Tuesday, February 23, 2016

International Stroke conference in Los Angeles

I had the pleasure to attend a luncheon presentation at the International Stroke conference in Los Angeles last week. There were over 4000 international scientists and healthcare professionals in attendance – the conference, not the luncheon. This is the venue where new papers are presented and new ideas are exchanged each year.

The panel discussion was led by Nancy Brown, the CEO of the Heart Association. She introduced Dr.  Mary Ann Bauman who works with the Association, Dr. Jeremy Payne, Neurologist and head of the Banner system in AZ and Dr. Ralph Sacco, Neurosurgeon.

The panel was narrated by Bri Winkler, a stroke survivor who works as a spokesperson for the Association. Bri is a young woman who suffered a stroke a few years ago and has recovered fully. She is among the lucky 10% who show little in the way of outward signs of the damage that a stroke can do. While Bri is indicative of the lack of age discrimination with Strokes, she is not representative of the 65% of stroke survivors who, while not requiring institutionalization, display deficits that stop them from returning to their former lives. While terrific to put a young face to stroke, I think that featuring someone who is working with the deficits a stroke can bring would bring home the devastation and the urgency of the needs, better than what is being done now.

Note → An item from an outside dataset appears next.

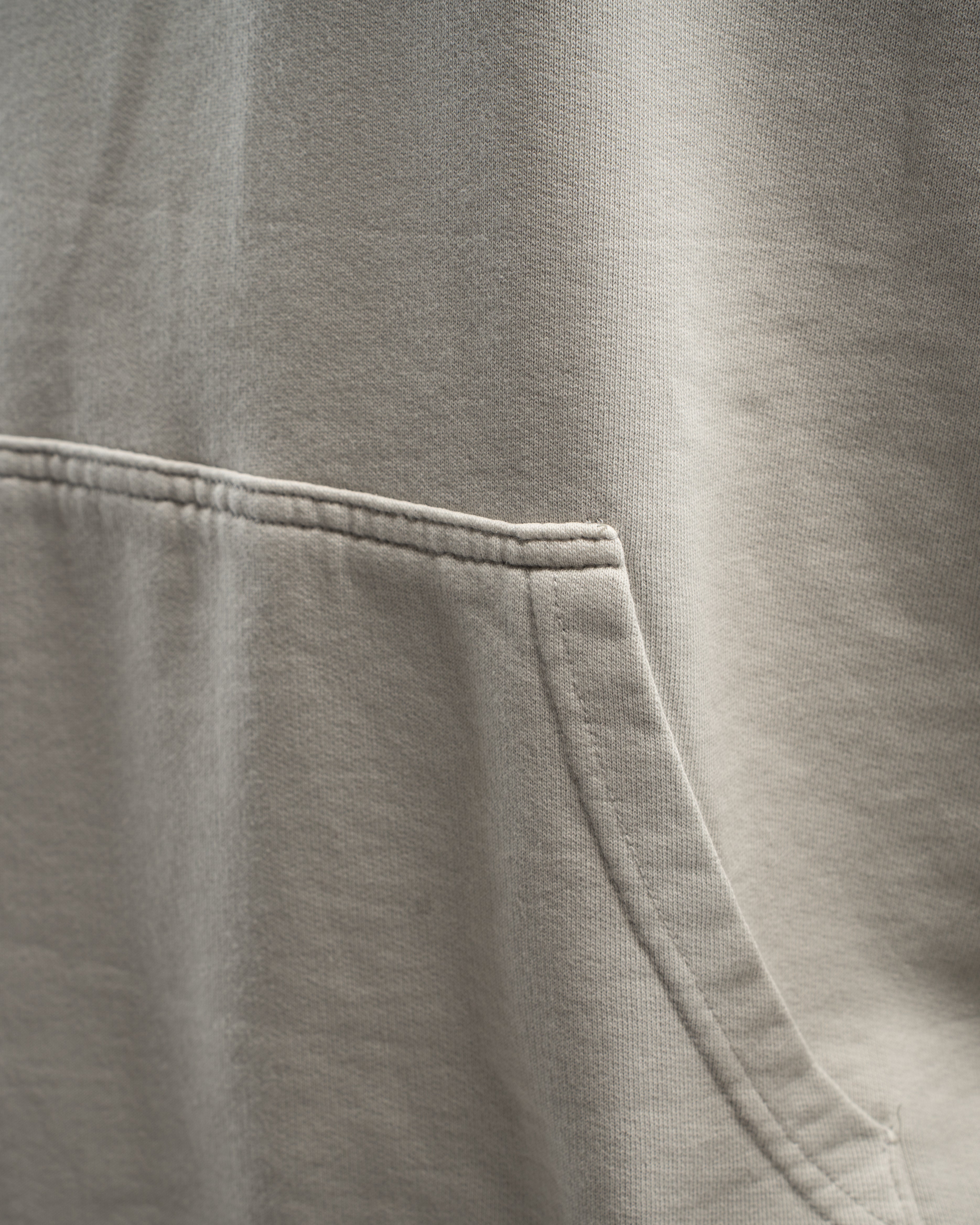El bolsillo canguro frontal aporta practicidad para el uso diario, manteniendo una estética limpia y coherente con el diseño oversize.

It was interesting to hear the association express the thought that they want to reposition the programs toward brain health, healthy aging and cognitive health. We do think that it would be a more convincing argument  and a stronger case to be made for increased brain research, if the Association presented people who are affected by the changes in the brain that occur with stroke. It becomes evident, very quickly, of the need for research dollars and for the innovation of scientists and healthcare providers to analyze the brain, brain functions, neuroplasticity …the list goes on.


While stroke prevention is very similar in risk factors like heart health, the outcomes are significantly different. Heart attack victims get well, stroke survivors only get better. The Association could be stronger if it recognized this difference and build upon it.